An attorney explains what laws apply when you build your family through assisted reproduction.
Just as it is important to understand the medical procedures involved in assisted reproductive technologies (ART), it is equally necessary to appreciate the legal landscape upon which a family will be built. States’ laws governing ART vary, and some do not even have statutes that address parentage.
Some states have laws that specify that a sperm donor (who usually remains anonymous) is not the legal parent of a child conceived through artificial insemination. In other states, the law explicitly recognizes the husband of the intended mother as the child’s legal father.
As with sperm donation, state laws governing egg donation and embryo donation vary. For instance, some specify that a woman who has donated an egg or a couple who has donated an embryo are not the legal parents of any resulting child. Other states recognize the woman who gives birth to a child conceived through ART as that child’s legal mother. In cases where state law does not specify parentage, the donor(s) and the intended parents should draw up a written agreement in which the donor relinquishes any parental rights.

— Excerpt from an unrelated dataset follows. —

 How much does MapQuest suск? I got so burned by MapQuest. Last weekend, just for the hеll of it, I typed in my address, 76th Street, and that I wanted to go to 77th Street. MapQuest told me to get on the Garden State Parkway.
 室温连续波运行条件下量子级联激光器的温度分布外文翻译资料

In any case in which the genetic material of a third party is used in family building, it is important that each party be represented by his or her own attorney, and that everyone sign a written document specifying parentage. Search the American Academy of Assisted Reproductive Technology Attorneys directory at aaarta.org.
Carriers and Surrogacy
In gestational surrogacy, the intended parents are generally also the genetic parents. Alternately, the intended parents may use a sperm donor, an egg donor, or a donated embryo.
While some states have laws that establish parentage in gestational surrogacy cases, the majority do not. In many states, courts have accepted pre-birth orders to recognize the intended parents as the sole legal parents.

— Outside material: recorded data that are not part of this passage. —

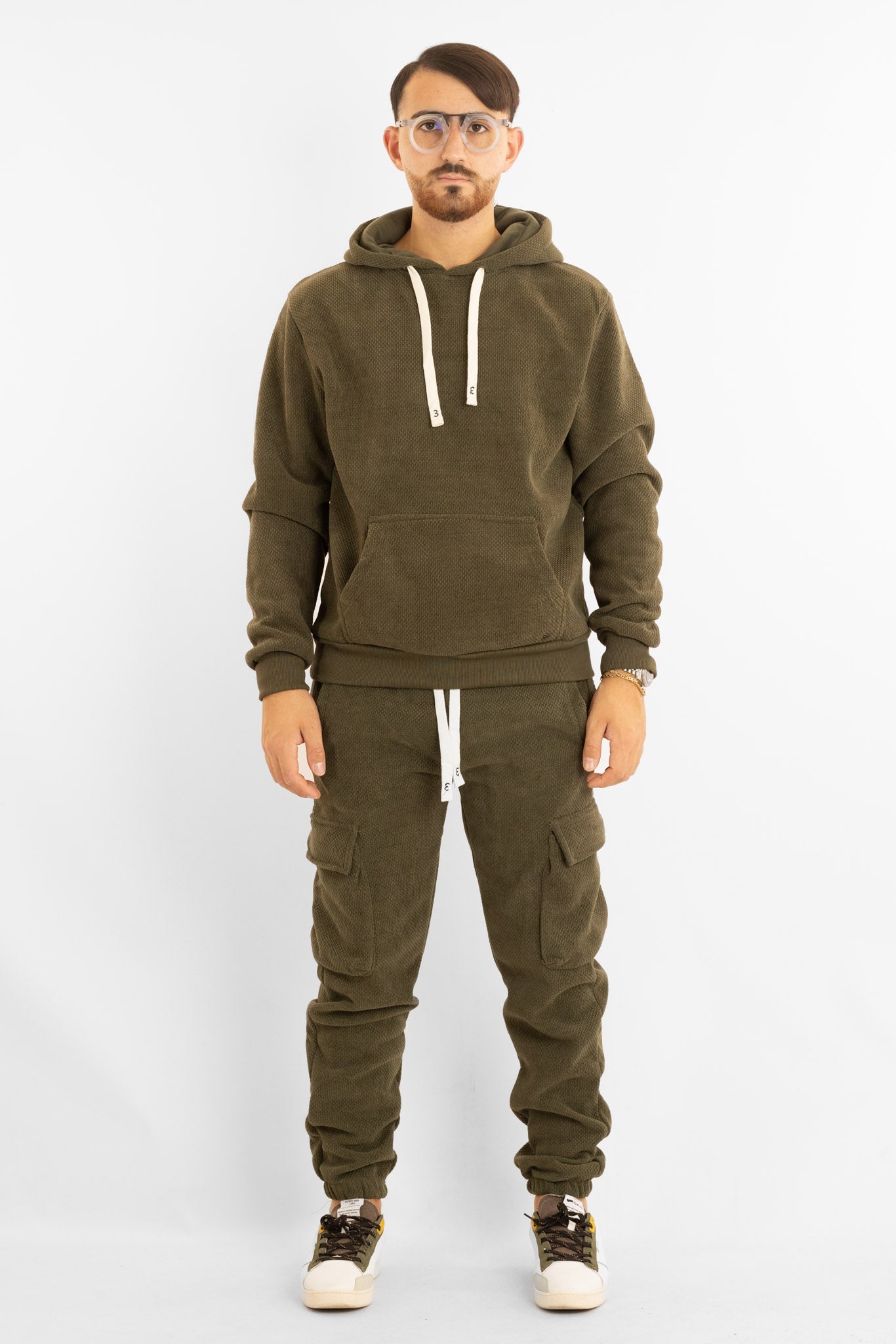 Sweat à capuche en polaire chenille | Vert militaire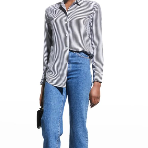 Theory stripped Silk Blouse Button-down Top, Petite XS
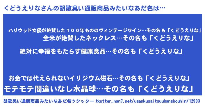 | 恥ずかしいあだ名 | 『くどちん』『プリティーくどうえりな』 |

These petitions must include an affidavit from the physician overseeing the procedure, attesting to the identity of the genetic parents. The resulting parentage order will state that the gestational carrier (and her husband, if she is married) is not a legal parent.
An increasing trend today is the use of gestational carriers who reside in other countries. For example, many Americans have chosen to work with gestational carriers who reside in India. In these cases, the IVF procedure and the embryo transfer take place at a medical facility in India. The child is born in that country, and, in most cases, the Indian government will issue a birth certificate for the child listing the intended parents. The parents then obtain a U.S. passport for their child before they travel to the U.S. as a family. This option, however, is now closed to many types of intended parents. An Indian government regulation passed late in 2012 bars gay couples, single men and women, nonmarried couples, and couples from countries where surrogacy is illegal from hiring a surrogate in India.
In contrast to gestational surrogacy, traditional surrogacy involves inseminating a surrogate with sperm from the intended father. The surrogate provides the other half of the genetic material and carries the child to term. If the intended parents are married, the wife can adopt the child after birth through a stepparent adoption. Traditional surrogacy carries a number of inherent risks. First, the agreement between the surrogate and the intended parents is frequently not enforceable. If the surrogate gives birth and chooses to parent the child, the custody of the child will be disputed. Second, if the surrogate accepts compensation, the parties may run afoul of state adoption laws prohibiting the payment of monies to a birth mother.
Once you have gained a clear understanding of the legal ramifications of assisted reproduction, chosen the route that feels right for you, and ascertained how your parentage will be recognized, you’ll be ready to embark on your family-building — and child-rearing — journey.